Both the skin and the bone outgrowths developing on the antlers of castrated male deer constitute tumor-like structures. According to Goss (1990), the antleromas of castrated fallow bucks may be classified as benign tumors. Applying a general definition of the term “tumor,” e.g., an abnormal mass of tissue resulting from excessive mitotic activity, this view seems justified. In principle, the bony protuberances on the antlers of the castrates may also be classified as a type of benign tumor, especially when comparing their histogenesis with that of osteomas.

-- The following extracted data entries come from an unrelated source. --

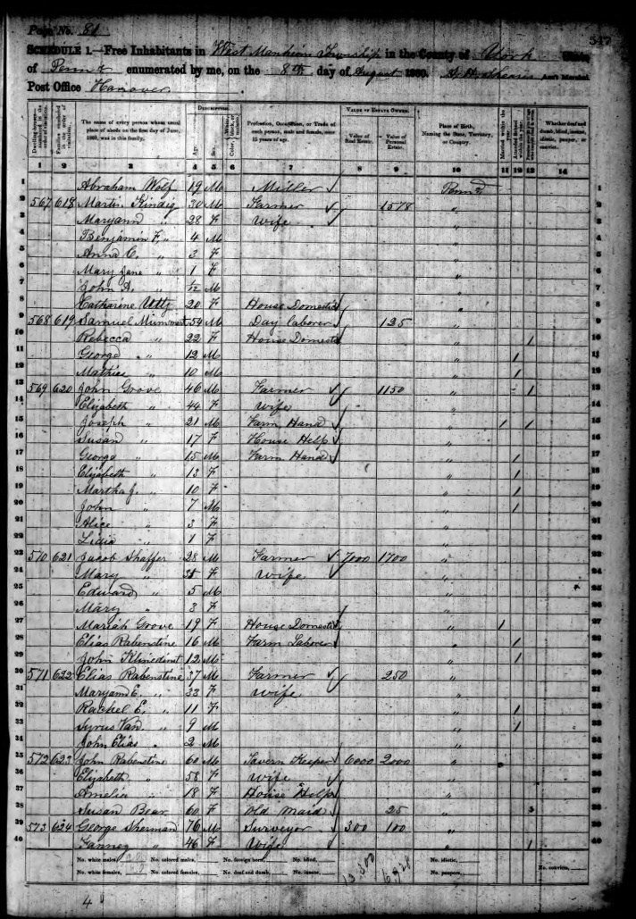 Ancestry.com Operations, Inc., 1860 United States Federal Census, West Manheim, York, PA, page 81, dwelling 571, family 622, line 33, Syrus Van Rabenstine; Database and images, Ancestry.com LLC, Ancestry.com : 2009 (http://www.Ancestry.com/ : accessed 04/25/2020); citing Eighth Census of the United States, 1860 U. S. Census, population schedules, National Archives and Records Administration Microfilm Publication M653 (1438 rolls), Records of the Census Bureau, Record Group 29, National Archives, Washington, DC, roll 1201, image 89 [Surety: 3]. |
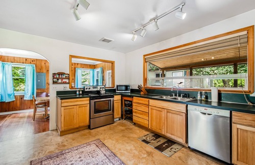Take a trip across Puget Sound to Whidbey Island to enjoy a relaxing getaway together at this cozy, family-friendly cottage. Inside this charming vacation rental, you'll find a well-equipped, modern kitchen with stainless steel appliances, a dining table for six for meals or rainy day games, and a living area with a comfortable leather sectional sofa, flatscreen TV, and a warming wood stove for those chilly winter nights. And outside, relax on the furnished deck, fire up the gas grill for perfect summertime cookouts, or play in the large, grassy yard.
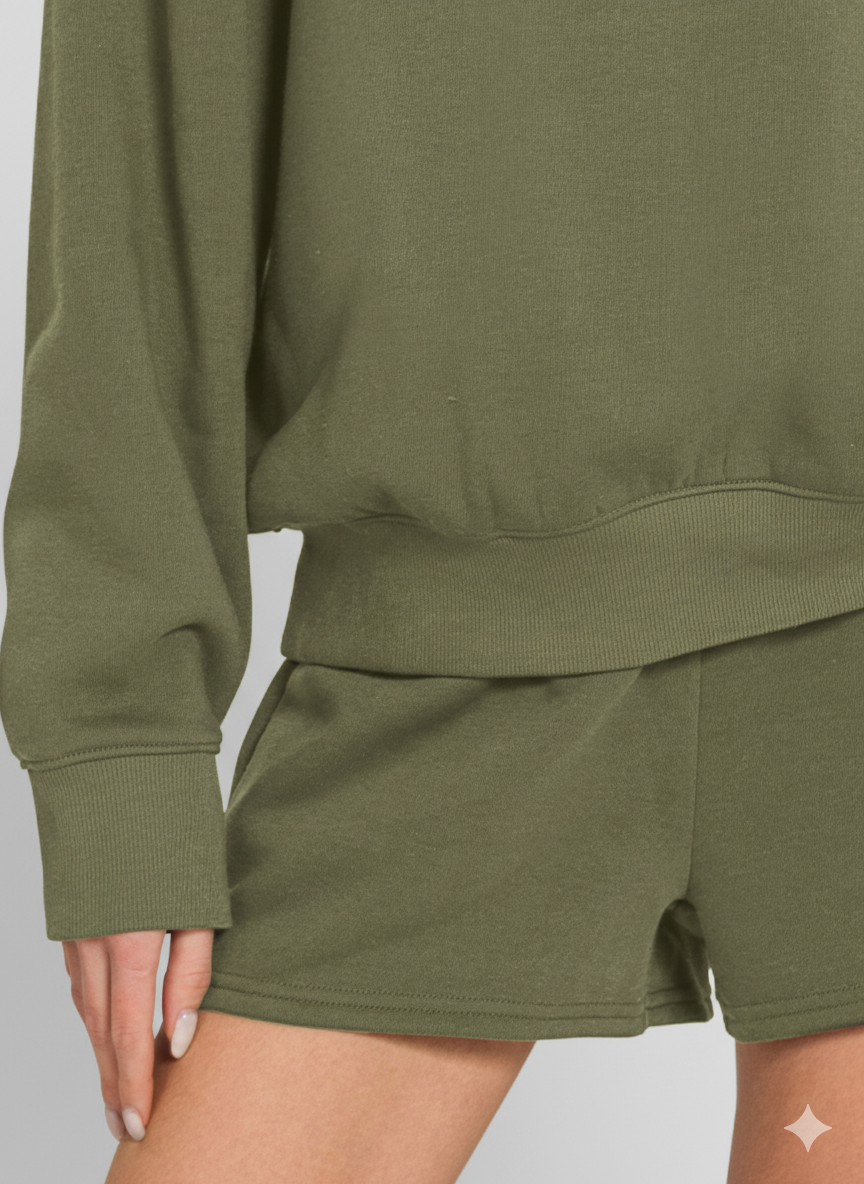 Cozy Oversized Fleece Sweatshirt & Shorts Lounge Set – Relax in Luxe Comfort
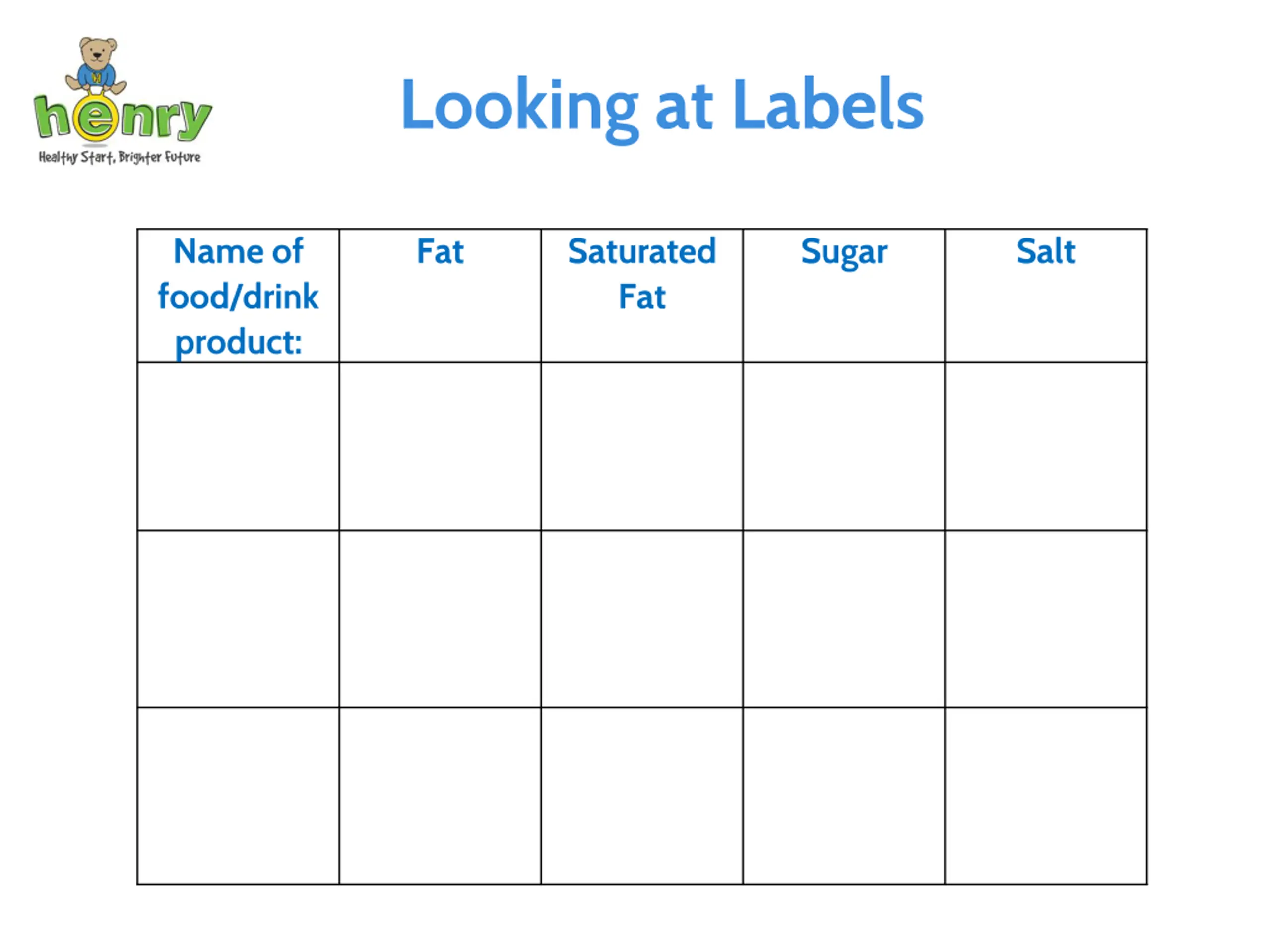 Looking at Labels Name of food/drink product: Fat Saturated Fat Sugar Salt
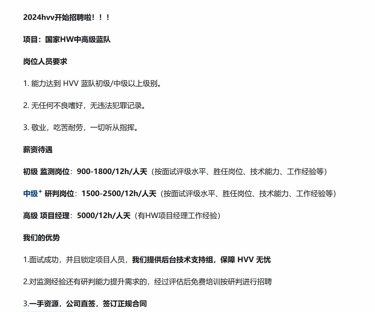 以下是某某厂商护网招聘信息
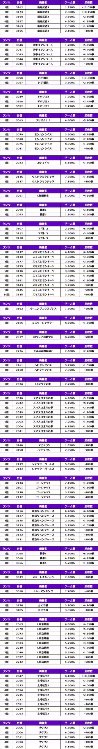 それでは、この日の【機種別差枚ランキング】を見ていきましょう❗️
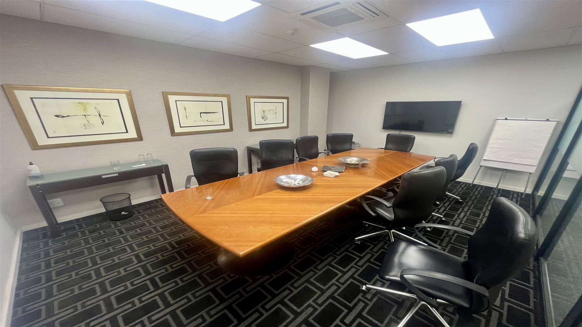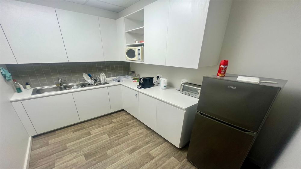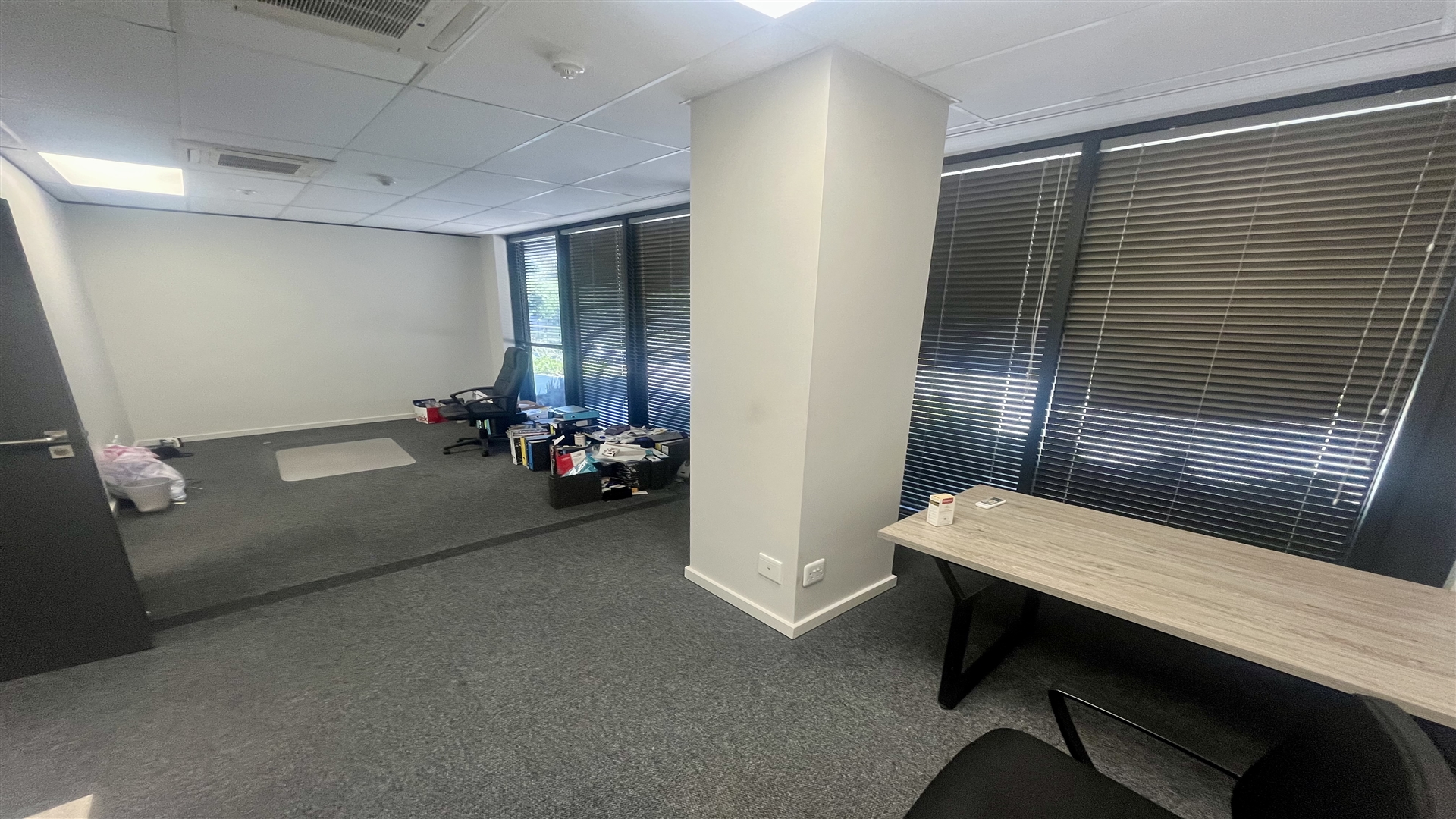 This stunning fully fitted ground floor office spans 166 m2 and features a spacious reception area, a large boardroom, two substantial executive offices, an open-plan workspace, a storeroom, and a private kitchen. The suite boasts modern glass partitioning, ample natural light, and is fully carpeted. Both executive offices have direct access to the ground floor terrace. The building offers a professional central reception, an on-site coffee shop, inviting pause areas, and full backup power and water.
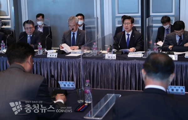 또 △화력발전 지역자원시설세 세율 인상 △금강권역 역사문화관광 플랫폼 구축 △중부권 동서횡단철도 건설 △보령∼대전∼보은 고속도로 건설 △제5차 국도국지도 5개년 계획 반영 △KBS 충남방송국 설립 △휴먼마이크로바이옴 상용화 제품 기술 개발 사업 △중부권 거점 국립종합병원 설립 등도 지역 현안으로 내놓으며 관심과 지원을 당부했다.

As was emphasized by Goss (1990, 1995), it is unclear if the growth of the antler protuberances in castrated male deer is a specific reaction to castration and the resulting pronounced lowering of androgen levels. It could also be that the indefinite maintenance of viable antlers (in the absence of higher levels of androgens) merely provides the extra time required for the development of the skin and bone protuberances. Goss (1995) further argues that in intact male deer, the short life span of the antlers precludes the development of antler tumors. This is, however, not generally true, as is illustrated by the case of a large bone tumor diagnosed as a solitary osteochondroma that had formed on a spike antler of an intact young fallow buck (Kierdorf H and Kierdorf U, 1985). Velvet was shed from both spike antlers at the regular time, which is indicative of a normal rise of androgen levels in the buck.
Information on the histological structure of the antlers in castrated males of deer species other than Dama dama is scarce. But even these limited data point to the existence of considerable variation among species, thereby precluding a generalization of the findings in the fallow deer. Further studies on antler histology of castrated males from various deer species addressing these species-specific differences are encouraged.